↓↓↓

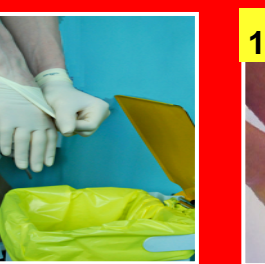
Dispose of gloves then apron & immediately...
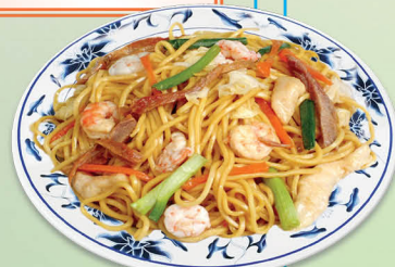
House Special Lo Mein
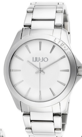
TLJ 811 D: Bianco / White B: Silver 129,00 €
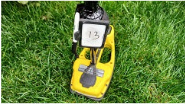
The connection to the city sewer about 13 feet deep

↑↑↑

Work item: Write out, word for word, only the lines from the one containing "TLJ 811 D: Bianco / White B: Silver 129,00 €" to the end of the data above; the pictures stay out.

Solution:
TLJ 811 D: Bianco / White B: Silver 129,00 €
The connection to the city sewer about 13 feet deep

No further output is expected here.